• Available data
----------------

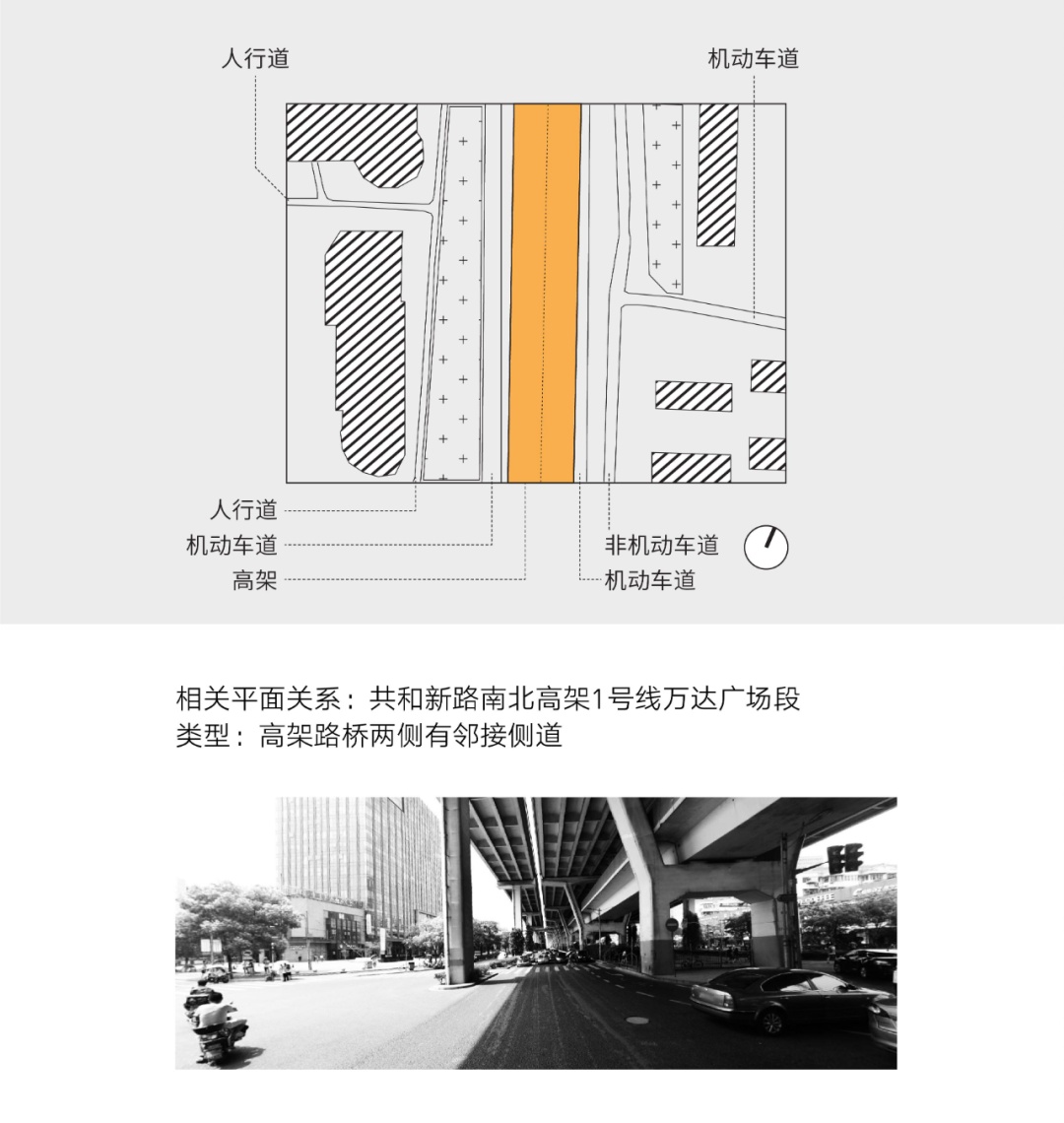 另一种是高架区间段的空间利用,目前机动车与非机动车停放、公交站点(如71路沿线)的设置已经比较常见,个别还有利用桥下空间设置运动场的空间复合利用。这些桥下空间的利用,在拥挤的城市交通中为市民提供了一种反差的体验,也打开了空间利用的可能性。
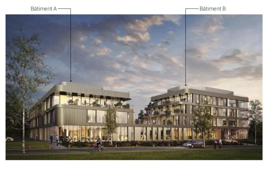 Saint-Herblain, à proximité du périphérique et des transports en commun, CBRE vous propose à la vente ou à la location un programme neuf composé de 2 bâtiments. Livrés en 2024, les immeubles bénéficieront de prestations haut de gamme et d'un excellent ratio parking. Sur la ZAC du Moulin Neuf, le Fresnel II proposera à ses utilisateurs des grands plateaux modulables, des espaces extérieurs privatifs et de nombreux stationnements. Immeuble neuf . Possibilité de réaliser un clé en mains . 1 hall d'entrée par bâtiment . Accès PMR . Contrôle d'accès . Eclairage leds avec détecteurs de présence . Ascenseurs . Souplesse d'aménagement . Plateaux rationnels . 60 places de stationnement en sous-sol + création de 46 places le long des bats A et B Démarrage des travaux prévus au 1T 2023 Durée travaux 15 à 18 mois Architecte TOPOS Surface RDC : 1704,58 m²
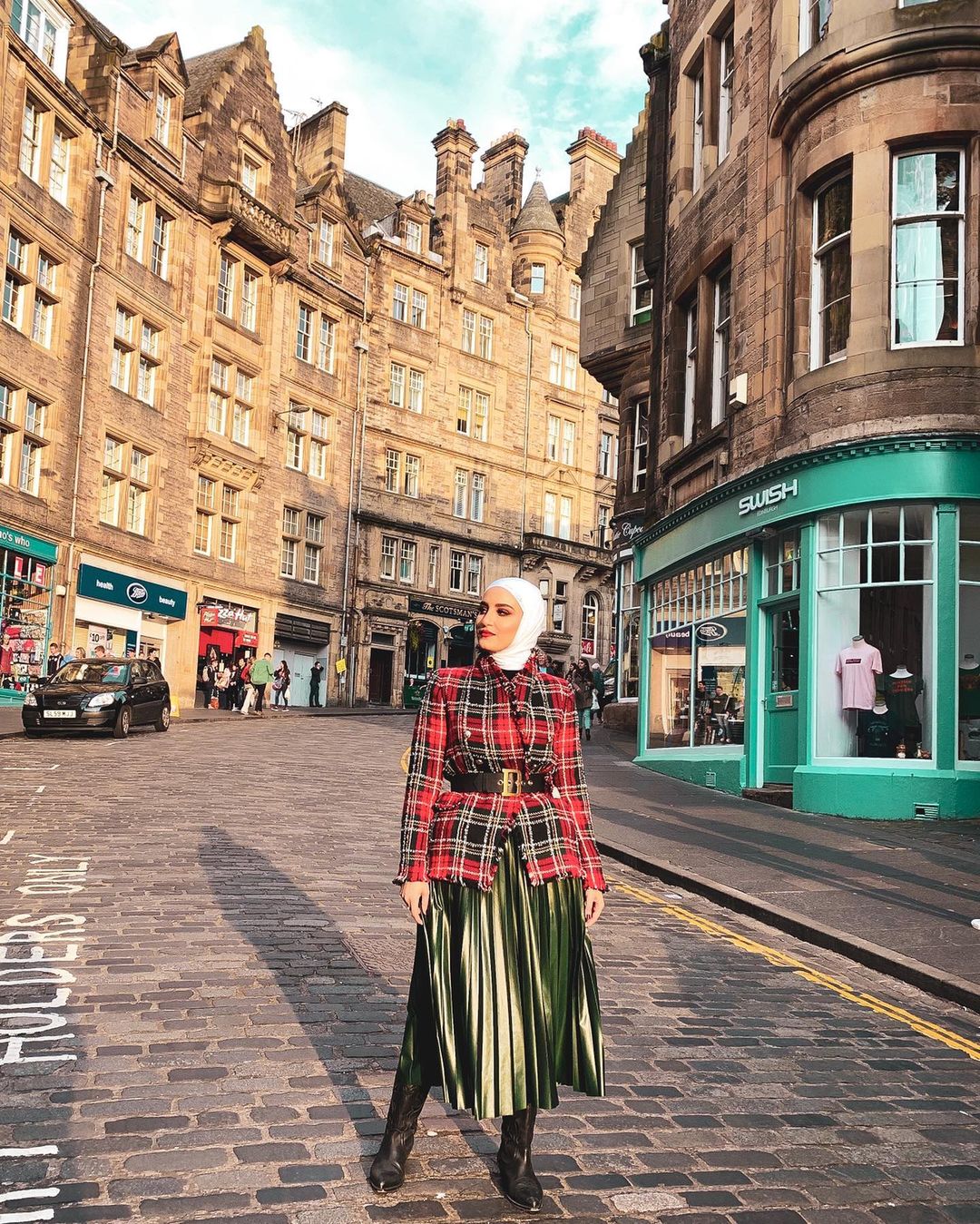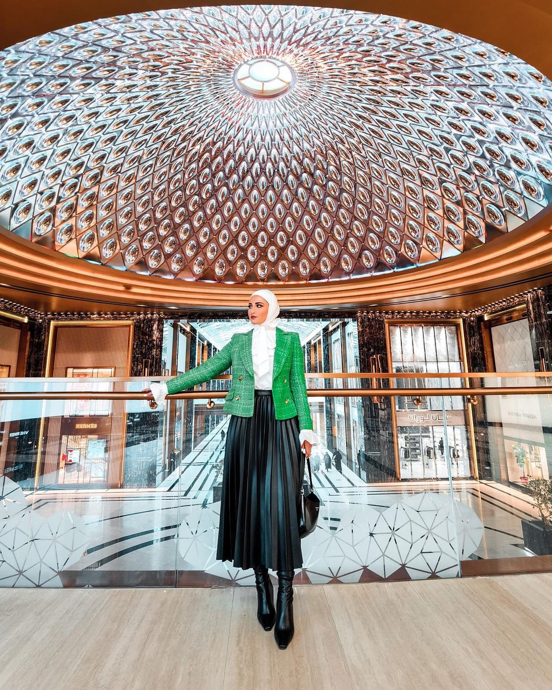كما نسقت تنورة البليسيه ذات الجلد الأسود مع الجاكيت الأخضر التويد، واختارت بلوزة كلاسيكية، لإطلالة سيمي كلاسيك مميزة للنهار.

----------------

• Exercise prompt
Restate every line of the listing exactly. Pictures are not part of the copy.

• Response below
 另一种是高架区间段的空间利用,目前机动车与非机动车停放、公交站点(如71路沿线)的设置已经比较常见,个别还有利用桥下空间设置运动场的空间复合利用。这些桥下空间的利用,在拥挤的城市交通中为市民提供了一种反差的体验,也打开了空间利用的可能性。
 Saint-Herblain, à proximité du périphérique et des transports en commun, CBRE vous propose à la vente ou à la location un programme neuf composé de 2 bâtiments. Livrés en 2024, les immeubles bénéficieront de prestations haut de gamme et d'un excellent ratio parking. Sur la ZAC du Moulin Neuf, le Fresnel II proposera à ses utilisateurs des grands plateaux modulables, des espaces extérieurs privatifs et de nombreux stationnements. Immeuble neuf . Possibilité de réaliser un clé en mains . 1 hall d'entrée par bâtiment . Accès PMR . Contrôle d'accès . Eclairage leds avec détecteurs de présence . Ascenseurs . Souplesse d'aménagement . Plateaux rationnels . 60 places de stationnement en sous-sol + création de 46 places le long des bats A et B Démarrage des travaux prévus au 1T 2023 Durée travaux 15 à 18 mois Architecte TOPOS Surface RDC : 1704,58 m²
كما نسقت تنورة البليسيه ذات الجلد الأسود مع الجاكيت الأخضر التويد، واختارت بلوزة كلاسيكية، لإطلالة سيمي كلاسيك مميزة للنهار.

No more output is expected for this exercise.